PROBLEM REQUIREMENTS: Please write out only the lines from the line with "- Mix together" to the line with "ツイッターでランチにいい店を", inclusive, exactly as they stand below, without the pictures.

RAW DATA:
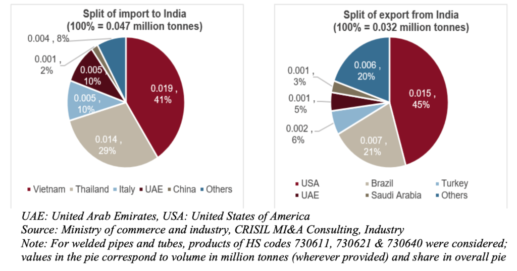 In FY24, India imported the majority of stainless-steel welded pipes and tubes from Vietnam (share in total imports was ~41%), followed by Thailand (~30%) and Italy (~10%). The high import volume from Vietnam was on the account of its low cost and India’s free trade agreement with the country.
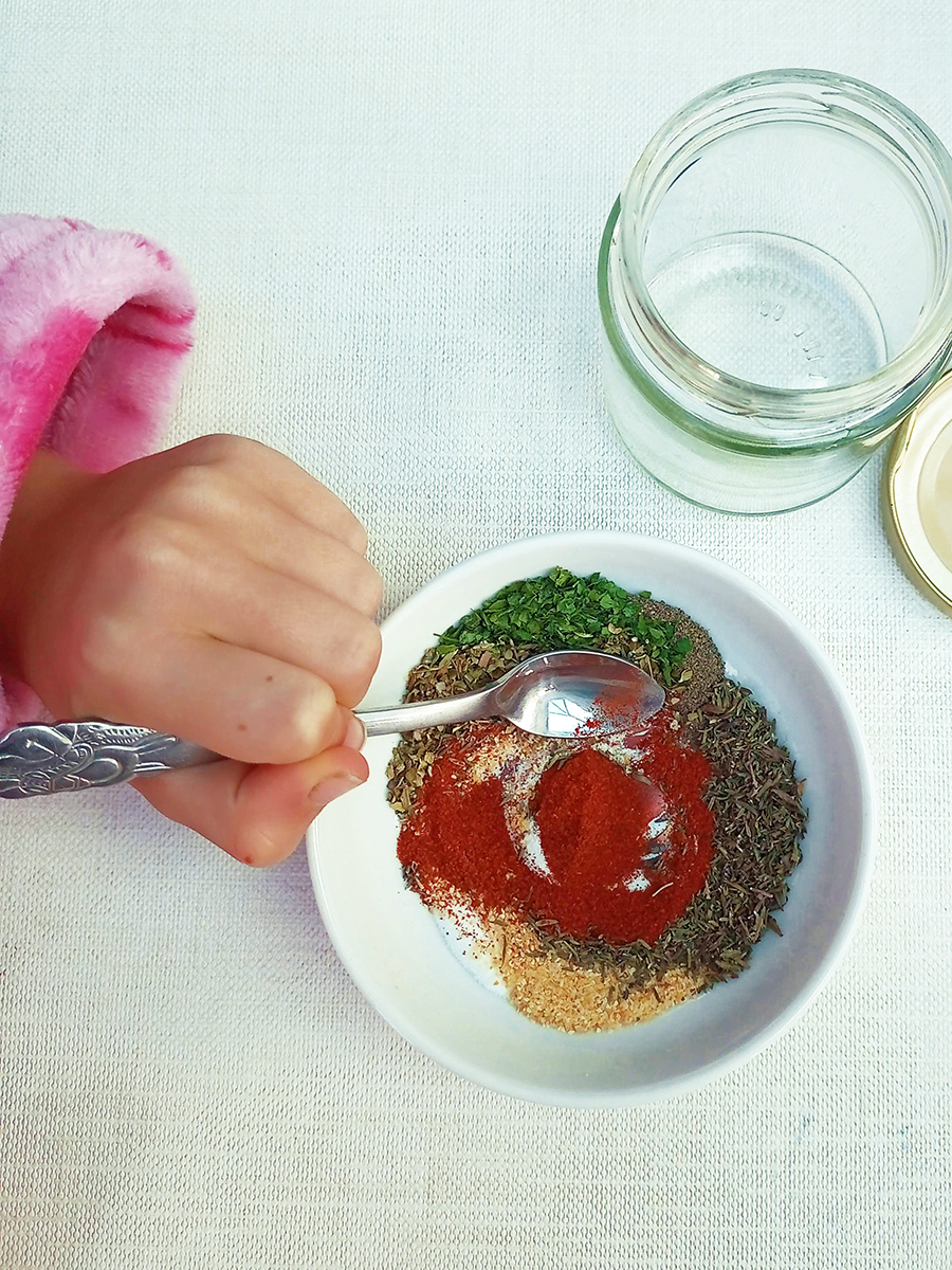 - Mix together all the ingredients then rub on your chicken. If you like a spicier seasoning add 1/4 tsp of cayenne. If you want to make a big batch then multiply the quantities equally and store in a jar or small Tupperware.
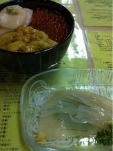 ツイッターでランチにいい店を訪ねたらたくさん情報をいただいたので、その中から複数の方のオススメがあった「きくよ食堂」朝市本店へ。有名店らしい。そこで出始めの真イカ(スルメイカ)のイカそうめんと、旬のウニ(塩水ウニ)を使った巴丼(ウニ、イクラ、ホタテ)を食べた。真イカはまだ小さかったが、味はなかなか。
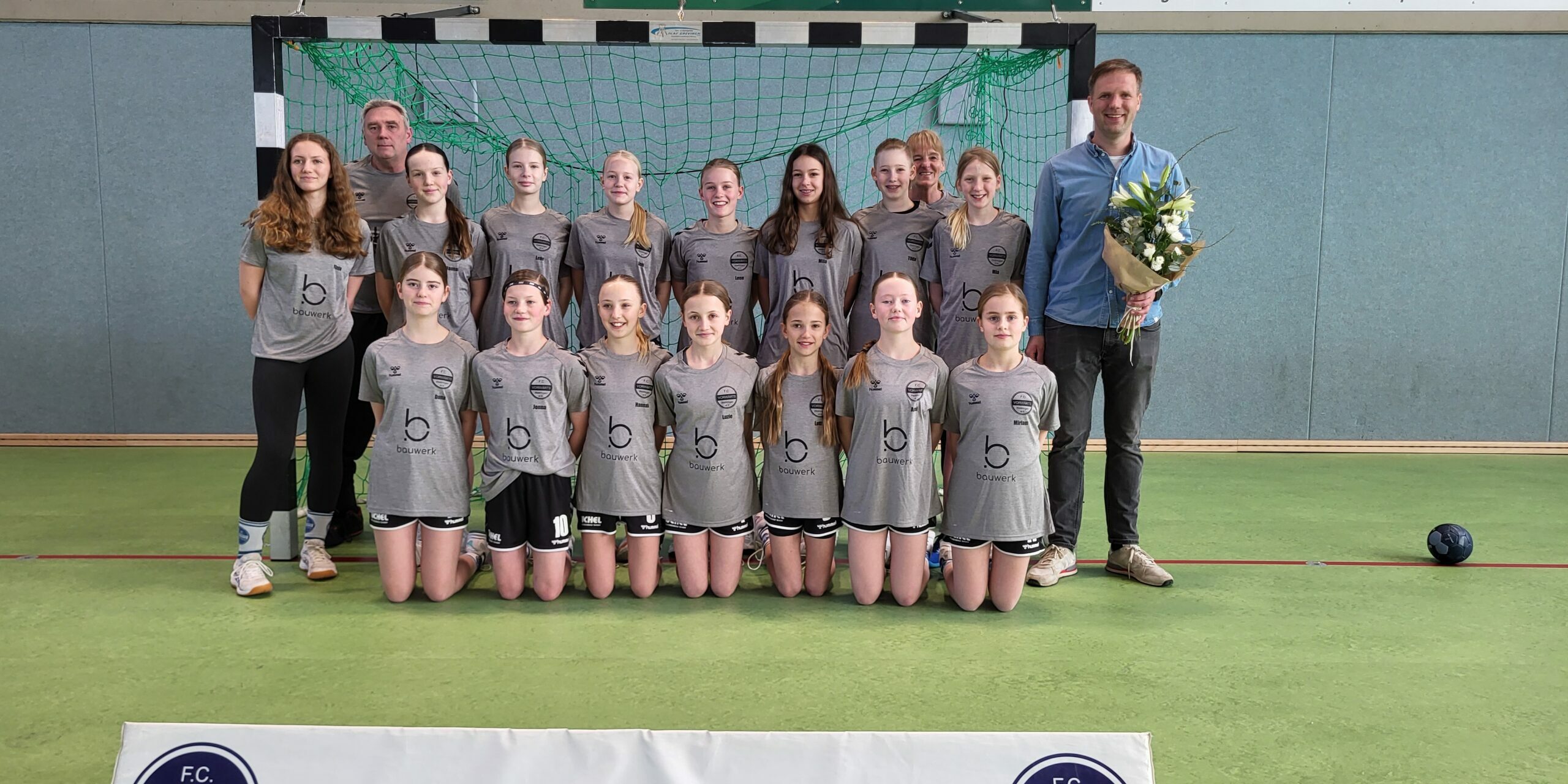 Zum letzten Saisonspiel empfingen die weiblichen D1 Handballerinnen den Nachbarn aus Neuenkirchen (D2). Die Meisterschaft in der Münsterland-Liga konnten sich die Vorwärtslerinnen bereits im letzten Spiel gegen Ammeloe/Ellewick sichern. Vor dem Derbyspiel gegen Neuenkirchen überraschten das Trainerteam ihre Schützlinge mit einem Sonder-Meister T-Shirt, welches gleich mit stolzer Brust zum Aufwärmprogramm übergestreift wurde. Vorab durfte das Team sich mit dem Sponsor Tobias Ewering vom Wettringer Unternehmen Bauwerk für das Mannschaftsfoto aufstellen.

FINISHED EXERCISE:
 - Mix together all the ingredients then rub on your chicken. If you like a spicier seasoning add 1/4 tsp of cayenne. If you want to make a big batch then multiply the quantities equally and store in a jar or small Tupperware.
 ツイッターでランチにいい店を訪ねたらたくさん情報をいただいたので、その中から複数の方のオススメがあった「きくよ食堂」朝市本店へ。有名店らしい。そこで出始めの真イカ(スルメイカ)のイカそうめんと、旬のウニ(塩水ウニ)を使った巴丼(ウニ、イクラ、ホタテ)を食べた。真イカはまだ小さかったが、味はなかなか。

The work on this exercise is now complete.